16:58 emersion: yeah but it doesn't find it since it's not in $PATH
16:59 emersion: no error for weston-terminal?
16:59 imirkin: no, but doesn't render anything either
16:59 imirkin: i mean, it complains about not loading cursor 'dnd-move' and a couple others
17:00 emersion: maybe try weston-simple-egl in case it's doing something dumb
17:00 imirkin: that one just aborts
17:00 imirkin: but it's old, perhaps needs rebuilding
17:00 imirkin: i also don't see a cursor
17:01 imirkin: when i'm over the window
17:01 emersion: hm, it should be rendered with OpenGL
17:01 emersion: maybe it still doesn't update the window
17:15 imirkin: emersion: oh, lol, forgot what i was trying to do
17:15 imirkin: debug the latest mesa
17:15 imirkin: now it crashes
17:15 imirkin: yay
17:15 imirkin: sway: ../src/gallium/drivers/nouveau/nvc0/nvc0_vbo.c:212: nvc0_user_vbuf_range: Assertion `nvc0->vb_elt_limit != ~0' failed.
17:15 imirkin: which iirc is what you were getting too
17:15 KungFuJesus: imirkin: have those kernel patches ready for me to try?
17:15 KungFuJesus: today would probably be perfect to do it
17:16 imirkin: KungFuJesus: sadly no - turned out harder than i anticipated
17:16 imirkin: next weekend i guess
17:16 imirkin: KungFuJesus: i tried it last night, but some of the BE stuff wasn't quite as figured out as i had anticipated
17:16 KungFuJesus: hah, it broke for the LE cases?
17:17 imirkin: KungFuJesus: no, i didn't even write it, coz some bits were missing, or i wasn't sure how to do them
17:17 imirkin: i started writing it :)
17:17 imirkin: that's almost the same
17:20 KungFuJesus: I'm half tempted to try newer generations of nvidia GPUs on this G5, but I'd had have to leave an OF compatible one in one slot, I think. Also there's the whole limited PCI express power situation
17:21 KungFuJesus: I'm pretty sure I have the generation right after it, I've got an 8800 Ultra somewhere, but that would require some jerry rigging of power connectors to get to work
17:22 KungFuJesus: Does NV42 differ from the NV80s?
17:23 imirkin: yes, nv50 is a totally different generation
17:23 imirkin: 8800 Ultra is either a G80 or G92 probably
17:23 imirkin: there's been next to no testing of "newer" GPUs on BE
17:23 KungFuJesus: G80
17:25 emersion: imirkin: yes!
17:25 imirkin: KungFuJesus: do you actively seek out problem GPUs?
17:25 imirkin: or do they just fall into your lap naturally?
17:26 KungFuJesus: hah, well, for PPC64 BE I have a pretty short list that are actually compatible with OF, I'm sure
17:26 KungFuJesus: It came with a 6600 LE or something
17:26 imirkin: yeah
17:27 imirkin: the G80 is a funny board
17:27 imirkin: it was the first one of its generation
17:27 imirkin: and that generation was the very first DX10 GPU
17:27 KungFuJesus: ATI would have been _probably_ a safer bet, I'm guessing.

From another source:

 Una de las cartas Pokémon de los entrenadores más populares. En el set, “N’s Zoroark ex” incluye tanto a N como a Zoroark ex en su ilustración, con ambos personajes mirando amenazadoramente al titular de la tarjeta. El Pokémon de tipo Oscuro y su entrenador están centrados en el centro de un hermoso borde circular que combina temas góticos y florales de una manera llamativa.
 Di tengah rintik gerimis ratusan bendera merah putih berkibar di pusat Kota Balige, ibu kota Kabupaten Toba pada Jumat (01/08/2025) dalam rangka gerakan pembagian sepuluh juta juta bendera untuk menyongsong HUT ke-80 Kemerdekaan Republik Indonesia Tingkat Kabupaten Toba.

But then who would debug all these BE nouveau issues?
17:27 imirkin: so it actually has some extra-special problems
17:27 imirkin: although it should basically work
17:28 KungFuJesus: The funny thing is that I have 2 of them. Bought them second hand from a co-worker while I was co-oping for college quite a while ago. Ran them in SLI, but they'd periodically drop off the bus
17:28 imirkin: emersion: btw - if you're open to TOTALLY esoteric requests -- make an option for the X11 backend to not hide the cursor
17:29 imirkin: emersion: otherwise when gdb catches the abort, the cursor's gone.

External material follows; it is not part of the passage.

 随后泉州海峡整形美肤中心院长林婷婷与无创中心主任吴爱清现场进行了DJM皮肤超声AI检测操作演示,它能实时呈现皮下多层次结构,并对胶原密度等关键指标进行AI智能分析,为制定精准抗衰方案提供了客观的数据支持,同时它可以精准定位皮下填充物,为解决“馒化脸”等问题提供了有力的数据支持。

17:30 KungFuJesus: The lack of 2 pci express power connectors is probably motivation enough. That, and the incovenience of starting X on a different output than what the OF framebuffer starts up on
17:30 KungFuJesus: sorry, demotivation
17:32 KungFuJesus: I have the late 2005ish quad model, so it does have the beefier power supply, but I'd still be nervous about pegging the GPU and CPUs at the same time
17:33 KungFuJesus: I happen to have stumbled onto a spare parts machine while getting sent failed liquid cooling systems and returning them back (they sent me a whole damn G5), but still, I'm kind of sorta using it to test some actual code for work
17:46 emersion: imirkin: oh, so if an X11 client crashes, the cursor gets stuck to its current image? is there something i can do to prevent that other than not hide the cursor?

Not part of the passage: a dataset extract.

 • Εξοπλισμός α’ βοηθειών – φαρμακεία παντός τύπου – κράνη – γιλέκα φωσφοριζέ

17:47 imirkin: the cursor is disabled
17:47 imirkin: i believe when the window has focus, you disable the native X11 cursor
17:47 imirkin: and then draw your own
17:48 emersion: yeah
17:48 imirkin: but if it aborts, the X application is still running
17:48 emersion: oh, abort pauses
17:48 imirkin: yes
17:48 emersion: i see
17:48 imirkin: good thing i have sloppy focus ;)
17:49 emersion: ahah
17:49 imirkin: i did once attach gdb to an X server, from an xterm attached to that X server
17:49 imirkin: the microsecond you run that, you realize the massive fail...
17:50 imirkin: but it's too late
17:50 emersion: lol
17:51 imirkin: btw, ok if i put you in the reported-by for that crash-on-draw on nvc0?
17:51 emersion: don't cut the branch you're sitting on
17:51 imirkin: pretty much yea
17:51 emersion: oh yeah sure, feel free
17:57 imirkin: emersion: https://gitlab.freedesktop.org/mesa/mesa/-/merge_requests/8546
17:57 emersion: \o/
17:57 emersion: will test
17:57 emersion: thanks a lot
17:57 imirkin: thanks for reporting
17:58 imirkin: ... and for making wlroots deal with my weird setup :)
17:59 emersion: :P
20:14 imirkin: emersion: want me to file a bug about that?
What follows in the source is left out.